Bears and Your Dog

The arrival of Spring is a great time for dog owners – the days start to get longer and hiking season begins.  With the start of hiking season also comes the start of bear season.  If you enjoy hitting the trails with your dog you need to learn to be “bear aware.”  The following post covers encounters with black bears.

According to metrovancouver.org, black bears are typically active between mid-March and November and are primarily driven by food.  When a bear has exhausted a food source in a particular area they will move on to another area – so just because you haven’t seen a bear on a particular hiking trail does not mean that they won’t find their way there.  If you are hiking in bear country be aware of what bear food sources may be in the area – berries and salmon are favourites.

Bear attacks involving a dog are relatively rare, however in those that do happen the majority are in situations where the dog is off-leash.  If you are hiking with your dog in bear country consider keeping your dog on a leash.

If you do encounter a bear follow these rules to escape the encounter unscathed (adapted from orvis.com).

  • If the bear has not seen you:  leave quietly without attracting attention.  If you run you may encourage the bear to run after you – so quietly turn and walk away.
  • If the bear has spotted you be sure to give them some space.  Keep your dog close to you and go back the way you came – if necessary take a detour to give the bear as much space as possible.
  • If you are at close range and an encounter is unavoidable make yourself as big as possible and make lots of noise to scare the bear away.  Do not make eye contact as the bear may interpret this as you being aggressive.  Back away from the bear making sure that they have an escape route as well.
  • If all else fails make sure you have bear spray AND that you know how to use it.  If the bear attacks – fight back!  Let the bear know that you are not easy prey.

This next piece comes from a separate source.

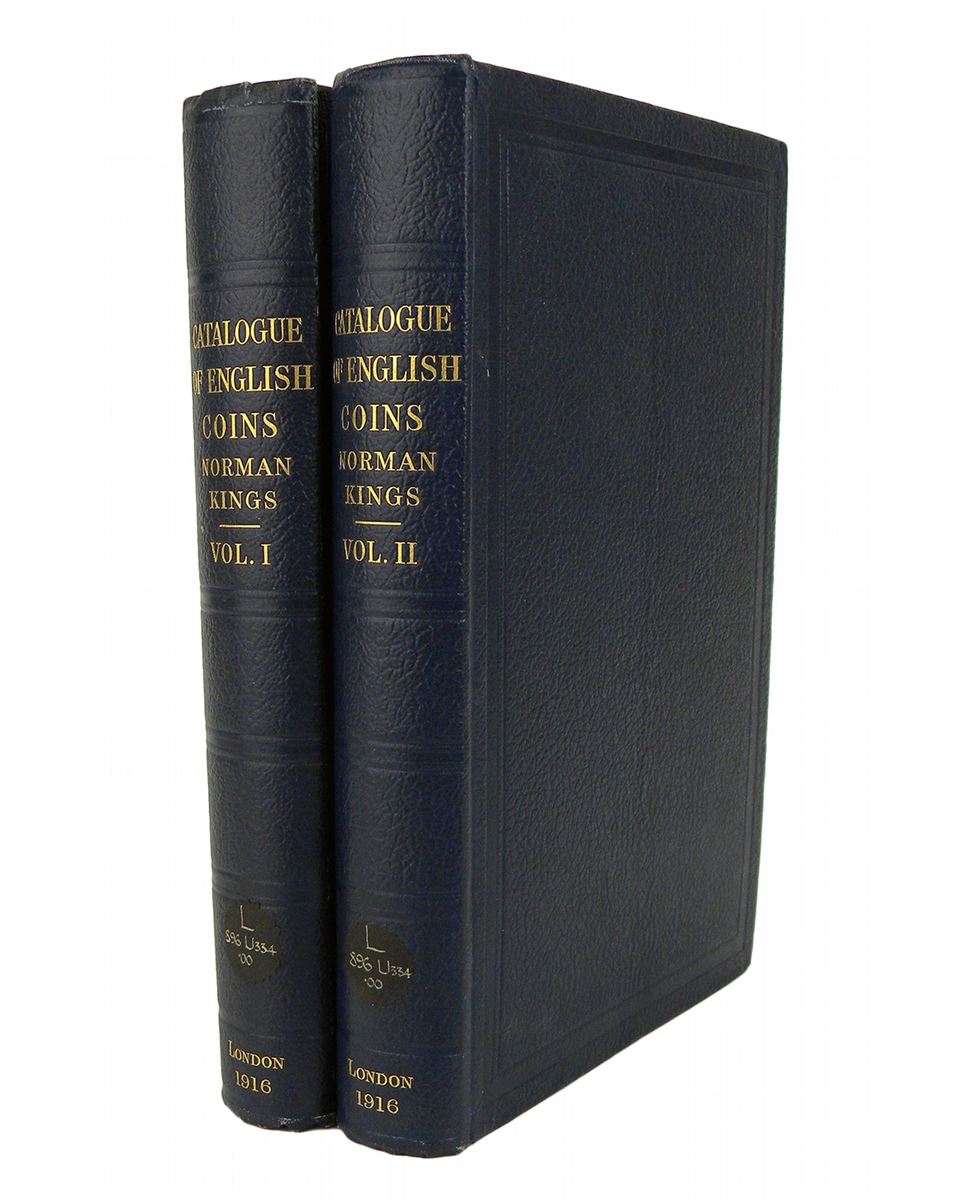 Brooke, George Cyril. A CATALOGUE OF ENGLISH COINS IN THE BRITISH MUSEUM: THE NORMAN KINGS. London, 1916. Two volumes. 8vo, original matching blue textured cloth, gilt. cclv, (1); (6), 462 pages; tables; folding epigraphic tables; 62 fine collotype plates of coins. Library stamps and labels; very good. Still a standard work. Clain-Stefanelli 6110*. Grierson 178.

Also pay attention and be aware of times that a bear may not be able to detect that you are coming – such as when you are near a water source or the wind is in your face.  In those situations it is even more important to be loud and make your presence known.


Avy and I do a lot of hiking together in the spring and summer and to date we have not had a negative encounter with a bear.  We did encounter a small black bear while hiking near a salmon bearing creek but the bear detected our presence before we saw him and made his way up a tree for protection.  In that situation we quickly leashed Avy and calmly made our way back up the trail, going out the way that we had come in.  Avy has a bear bell and actually enjoys wearing it – so she will happily run along the trail allowing the bell to jingle out a warning to any bears in the area.

For the most part a bear does not want to encounter you any more than you want to encounter them.  So when you are out hiking with your dog make sure that you make your presence known.  Put a bear bell on your dog, talk loudly (or sing) while walking on the trail and clap your hands to announce your presence.